Term Meaning CAPTCHA Example
SLI A metric that measures service quality Solve success rate: 94.2%
SLO A target value for an SLI Solve success rate ≥ 92% over 30 days
Error Budget Allowed failures before SLO breach 8% failure budget = 800 failures per 10,000 tasks
Burn Rate How fast you're consuming error budget 2x burn rate = budget exhausted in 15 days

SLI 1: Solve Success Rate

Success Rate = Successful Solves / Total Solve Attempts
CAPTCHA Type Typical Rate SLO Target
reCAPTCHA v2 95–99% ≥ 92%
reCAPTCHA v3 90–97% ≥ 88%
Cloudflare Turnstile 95–99% ≥ 92%
hCaptcha 90–97% ≥ 88%
Image/OCR 85–95% ≥ 82%

SLI 2: Solve Latency

Latency = Time from task submission to solution received
Percentile Target Alert Threshold
p50 < 25s
p95 < 90s > 120s
p99 < 180s > 300s

SLI 3: Pipeline Availability

Availability = Time pipeline is accepting and solving tasks / Total time

Target: ≥ 99.5% (allows 3.6 hours downtime per month)

Python — SLI/SLO Tracker

import os
import time
from collections import deque
from dataclasses import dataclass, field

API_KEY = os.environ["CAPTCHAAI_API_KEY"]


@dataclass
class SLITracker:
    """Track CAPTCHA solving SLIs over a sliding window."""

    window_seconds: int = 86400 * 30  # 30 days default
    events: deque = field(default_factory=deque)
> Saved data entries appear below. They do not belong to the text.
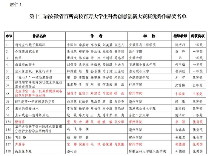 12月4日,第十二届安徽省百所高校百万大学生科普创意创新大赛决赛在安徽建筑大学举行。本届大赛的主题是“科技传播与创新创业”,共有72所高校2973人参赛,征集参赛作品2269件,经预赛、复赛、网络投票和决赛等评审环节,评出优秀科普作品共210项。9778818威尼斯推选参赛项目《变废为宝--基于低品质褐煤制备绿色可降解环保材料》(指导老师:卞振涛,负责人:储俊才)荣获省级三等奖、《橙馏香》(指导老师:李颖,负责人:张 辰),《声悬浮》(指导老师:张德谨,负责人:宋 娜)荣获省级优秀奖,实现了9778818威尼斯学子参加此类赛事的再突破。
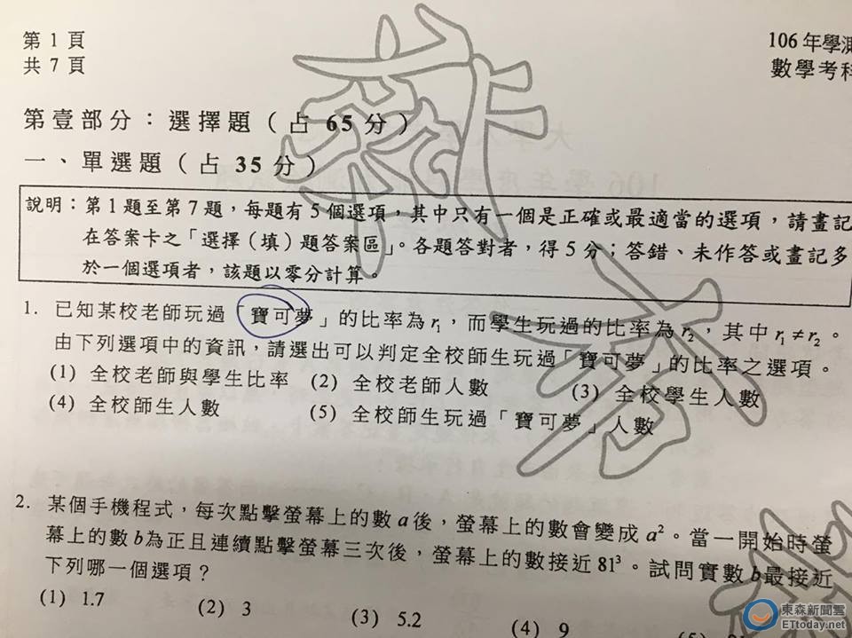 今年學測首日第二堂數學科於14時40分收卷,缺考率1.44%,試考生認為這次測驗整體「難度中」,計算量不大。而這次很夯的「寶可夢」不只國文科考題出現,就連數學也現身。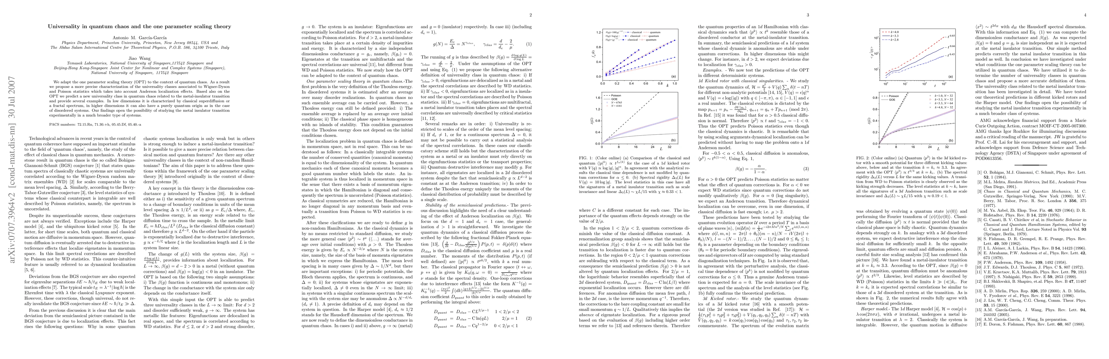 This paper adapts the one parameter scaling theory to quantum chaos, proposing a refined classification of universality classes linked to Wigner-Dyson and Poisson statistics, including Anderson localization effects. It also predicts a new universality class related to the metal-insulator transition, characterized by classical superdiffusion or a fractal spectrum in low dimensions and quantum origins in higher dimensions.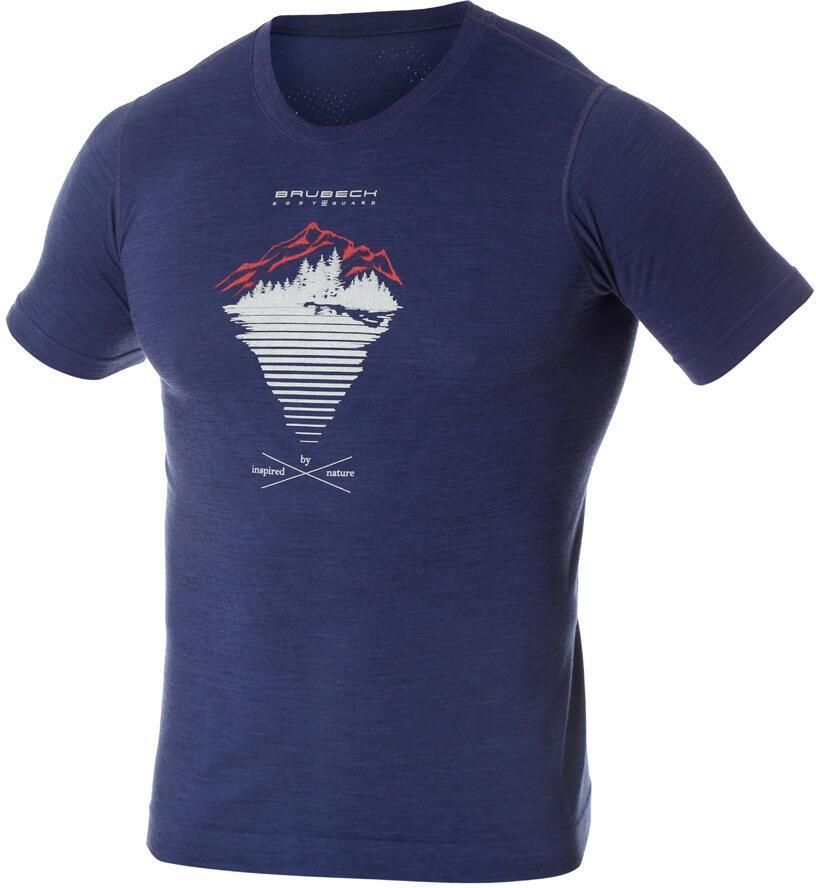 Brubeck Koszulka Turystyczna Z Merino Męska Ciemnoniebieski Góra Linii Niebieski Zgierz

    def record_success(self, latency_seconds):
        self.events.append({
            "time": time.time(),
            "success": True,
            "latency": latency_seconds
        })
        self._prune()

    def record_failure(self, error_code):
        self.events.append({
            "time": time.time(),
            "success": False,
            "error": error_code
        })
        self._prune()

    def _prune(self):
        cutoff = time.time() - self.window_seconds
        while self.events and self.events[0]["time"] < cutoff:
            self.events.popleft()

    @property
    def success_rate(self):
        if not self.events:
            return 1.0
        successes = sum(1 for e in self.events if e["success"])
        return successes / len(self.events)

    @property
    def latency_percentiles(self):
        latencies = sorted(
            e["latency"] for e in self.events if e.get("latency")
        )
        if not latencies:
            return {"p50": 0, "p95": 0, "p99": 0}

        def percentile(data, p):
            idx = int(len(data) * p / 100)
            return data[min(idx, len(data) - 1)]

        return {
            "p50": round(percentile(latencies, 50), 2),
            "p95": round(percentile(latencies, 95), 2),
            "p99": round(percentile(latencies, 99), 2),
        }

    @property
    def error_breakdown(self):
        errors = {}
        for e in self.events:
            if not e["success"]:
                code = e.get("error", "unknown")
                errors[code] = errors.get(code, 0) + 1
        return errors


class SLOChecker:
    """Check SLIs against SLO targets."""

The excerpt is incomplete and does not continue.